Not a lot to say
We haven’t said much about Gaza because there’s really not much to say. It’s Groundhog Day again. Charles Krauthammer summarizes the situation:
Israel is so scrupulous about civilian life that, risking the element of surprise, it contacts enemy noncombatants in advance to warn them of approaching danger. Hamas, which started this conflict with unrelenting rocket and mortar attacks on unarmed Israelis — 6,464 launched from Gaza in the past three years — deliberately places its weapons in and near the homes of its own people…Israel has but a single objective in Gaza — peace: the calm, open, normal relations it offered Gaza when it withdrew in 2005. Doing something never done by the Turkish, British, Egyptian and Jordanian rulers of Palestine, the Israelis gave the Palestinians their first sovereign territory ever in Gaza….
There’s only one grievance and Hamas is open about it. Israel’s very existence. Nor does Hamas conceal its strategy. Provoke conflict. Wait for the inevitable civilian casualties. Bring down the world’s opprobrium on Israel. Force it into an untenable cease-fire — exactly as happened in Lebanon. Then, as in Lebanon, rearm, rebuild and mobilize for the next round. Perpetual war. Since its raison d’etre is the eradication of Israel, there are only two possible outcomes: the defeat of Hamas or the extinction of Israel.

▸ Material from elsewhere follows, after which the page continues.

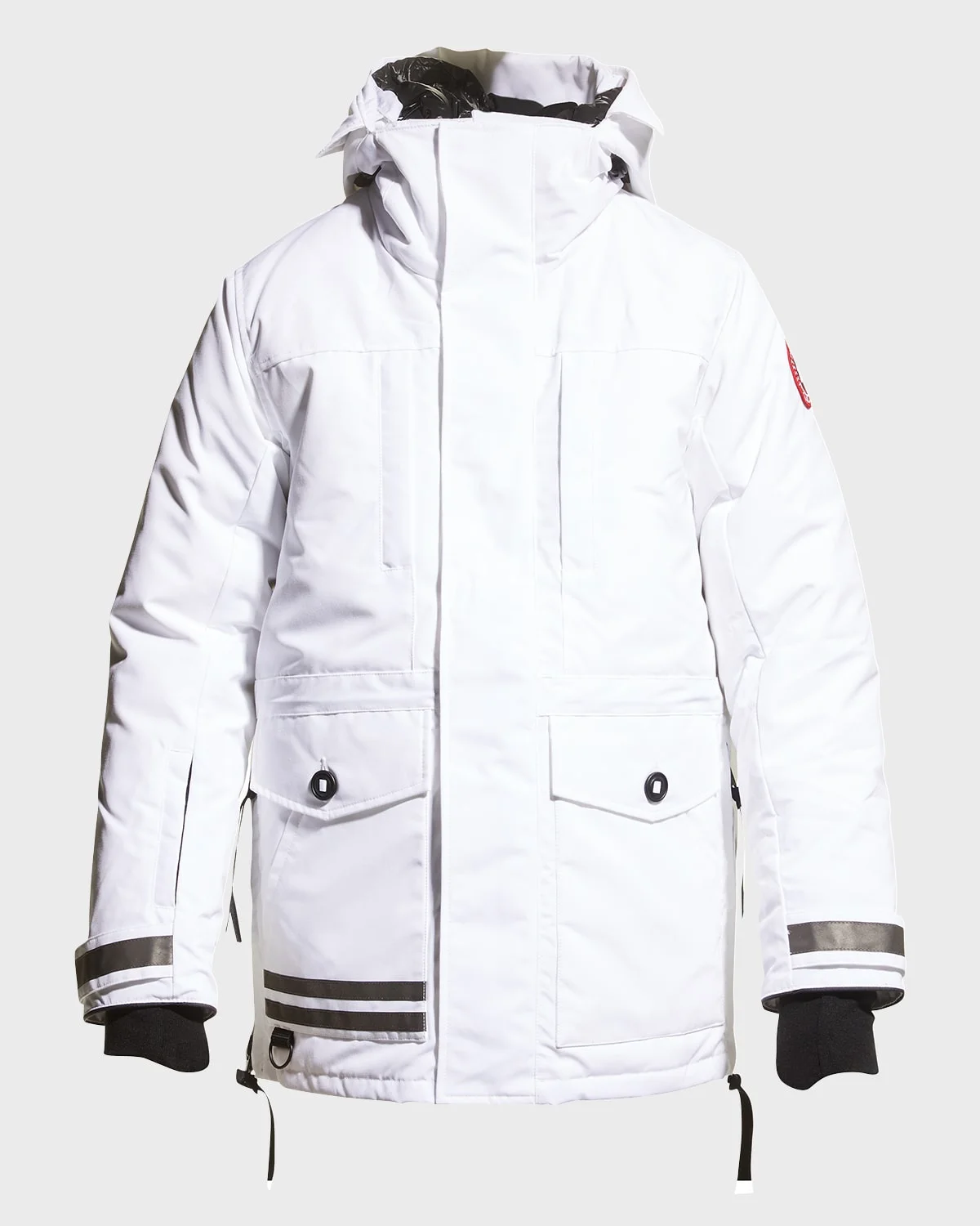 - Canada Goose "Toronto" jacket with reflective detailing. - Two-way adjustable hood. - Hidden zip/snap-button placket. - Four-pocket front. - Logo patch at left arm. - Banded cuffs with thumbholes. - Interior drawcord at waist. - Side seam zippers for ventilation and added range of motion. - Polyester/cotton/nylon. - 625 fill power white duck down. - Made in Canada. - Model is 6'1"/185cm.

It is hard to envision any happy ending to the war of which these are only the latest skirmishes. It is, on the other hand, relatively easy to imagine cataclysms not too far in the future. This clever example of religious apologetics by Tariq Ramadan, with its implication (at least to us) that Israel should ultimately cease to exist, shows the depth and intractability of the problem. (BTW, the “proportionality” issue is so tiresome and intellectually barren that it is a wonder it still lives.)

January 3rd, 2009 at 12:58 pm
What is proportionality toward someone who means your extermination? Israel, to its credit and peril, is not proportional in its response.